In questo quadro è cambiato anche il profilo del turista che non è più (soltanto) un viaggiatore ingenuo o imprigionato nella bolla del turismo massificato, ma apprende presto, osserva, scopre, assimila in modo sempre più attento, acquisendo autonomia di decisione e di mobilità. La società del benessere diffuso, delle seconde case di vacanza, della tecnologia e della mobilità in ogni dove trasforma il turista viaggiatore in turista esploratore con un fare quasi ossessivo tipico del flâneur. In questa angolazione critica la connotazione etica del turismo fa generalmente riferimento a itinerari di emozioni, buoni sentimenti. In realtà, la riflessione etica di Del Bò precisa i contorni della questione, elaborando argomenti a sostegno o contro certe pratiche turistiche. L’operazione che conduce l’autore del libro è questa: dare una struttura teorica a questioni legate al turismo che, nel sentire comune, si riducono alla questione della scoperta sincera del mondo.

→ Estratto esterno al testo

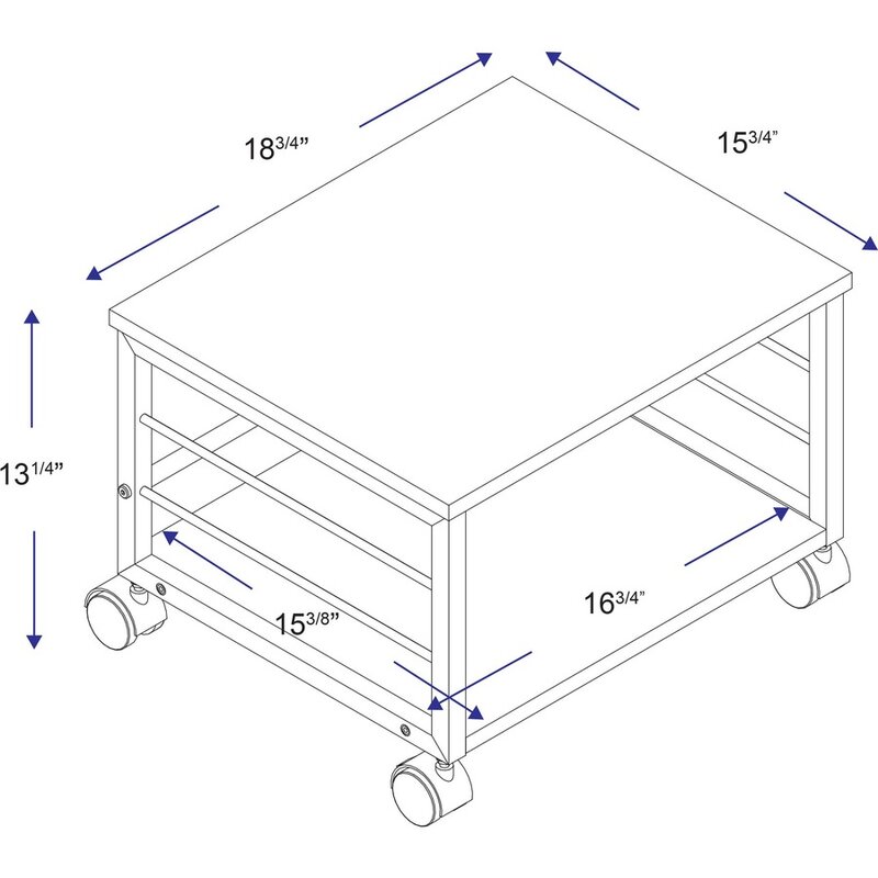 Underdesk Mobile Machine Stand easily rolls under your desk or beside it to hold your essential devices. Metal frame with black powder coating offers sturdy support. Top shelf holds up to 100 lb., and the bottom shelf holds up to 50 lb. The 3/5″ thick shelves feature a weathered charcoal laminate and PVC edge. Open back and sides allow easy cord management. Two of the four 2″ diameter, dual-wheel casters lock to park the machine stand where you need it.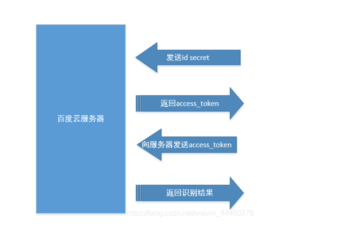 处理流程:1.通过TCP协议向服务器发送id,secret,其中一个服务器会返回一个access_token(其有效期为1个月)2.再向另一个服务器发送音频文件access_token,并返回语音识别结果,如上图所示

L’idea dell’etica del turismo è cercare di isolare i problemi che ineriscono al turismo per poi rifletterci su. Alcuni problemi, dalla povertà alla sessualità, non valgono soltanto nell’ambito turistico, ma l’interazione turistica li esprime con migliore chiarezza e le conseguenze che ne risultano segnano l’analisi. L’esempio classico è il frammento di mosaico pompeiano che il pugno del turista si porta a casa da una delle aree storico-archeologiche più visitate del mondo. Di pugno in pugno, di frammento in frammento, l’antica città di Pompei rischierebbe di sparire se non intervenisse la riflessione etica a contenere il danno. Secondo il filosofo: «I danni da turismo inevitabili sono quelli coessenziali alla pratica turistica: per il solo fatto che c’è il turismo, cioè che ci sono persone che svolgono un’attività turistica, ci sono anche questi danni e l’unico modo per non produrli sarebbe quindi non fare turismo» (p. 57). Oppure di contenerli. «Le docce fatte dai turisti in un contesto di grande ricchezza idrica non sono moralmente problematiche, ma possono esserlo le medesime docce fatte in un contesto in cui l’acqua è risorsa più scarsa o in cui per avere l’acqua calda occorre tagliare molto legname» (p. 59). In questo discorso il turismo come pratica etica e responsabile assume un ruolo sempre più centrale. La ricetta di Del Bò non è sempre praticabile, ma le conclusioni a cui arriva l’autore hanno un valore potente e valgono come monito al di là del turismo: per ogni viaggio esiste probabilmente un problema sociale, e per ogni problema sociale c’è probabilmente almeno un’etica che rispetta l’umanità e i suoi valori universali.